Find answers, ask questions, and share your expertise

Write Hive/Beeline output with Unicode delimiter into file.

avatar
New Contributor

Hi,

Trying to give Unicode value (\u001c) as a delimiter in Hive/Beeline output file, but not able to write the data with the special character value as a delimiter into file.

In the output file, its taking the \ as a delimiter (i.e its considering the first character from '\u001c' as delimiter)

Below are the commands using.

What exactly the issue here? Is there any workaround to achieve this?

Command:

beeline -u "jdbc:hive2://master:10000/;principal=hive/master@DOMAIN.NET"

--silent=true --showHeader=false --outputformat=dsv --delimiterForDSV='\u001c' -e select * from emp; | hadoop fs -appendToFile - /<HDFS_Path>/data.dat

Note: If I give single character as delimiter (eg: ~) its working fine, but with multiple characters as delimiter...its not working as expected.

2 REPLIES 2

avatar
@sasidhar Kari

The support for non-ASCII / Unicode characters for field delimiter and confirmed that characters outside of the basic ASCII character set are not well-supported as field delimiters. You will need to reformat your input so that it uses one of the first 128 characters in the unicode list.

Characters from \0-\177 (http://asecuritysite.com/coding/asc2) should work well.

http://asecuritysite.com/coding/asc2 (second to last column - Oct).
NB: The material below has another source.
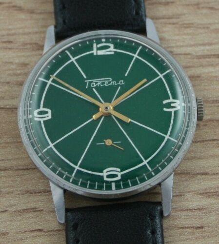 Кроме самого этого угловатого изображения марки, обратите внимание на надпись "Сделано в СССР". Стиль не характерен для кириллических циферблатов ПЧЗ.

Or, you could use custom serde MultiDelimitSerDe while creating the table.

avatar
New Contributor
Hi ,

Here I need to write the Hive table query result into a file with "\u001c" Or "\034" as a delimiter into HDFS using Beeline.

I could achieve the same using Hive CLI.

I am trying to execute the below query from Beeline, but in the output file all zunk characters are coming....is there any other way of achieving this in correct way?

From Beeline : Not working

beeline -u "jdbc:hive2://master:10000/;principal=hive/master@DOMAIN.NET" -e "INSERT OVERWRITE DIRECTORY '<HDFS_Path>/data.dat' ROW FORMAT DELIMITED FIELDS TERMINATED BY '\034' select * from emp ;"

From Hive CLI : Working fine:

Hive> "INSERT OVERWRITE DIRECTORY '<HDFS_Path>/data.dat' ROW FORMAT DELIMITED FIELDS TERMINATED BY '\034' select * from emp ;"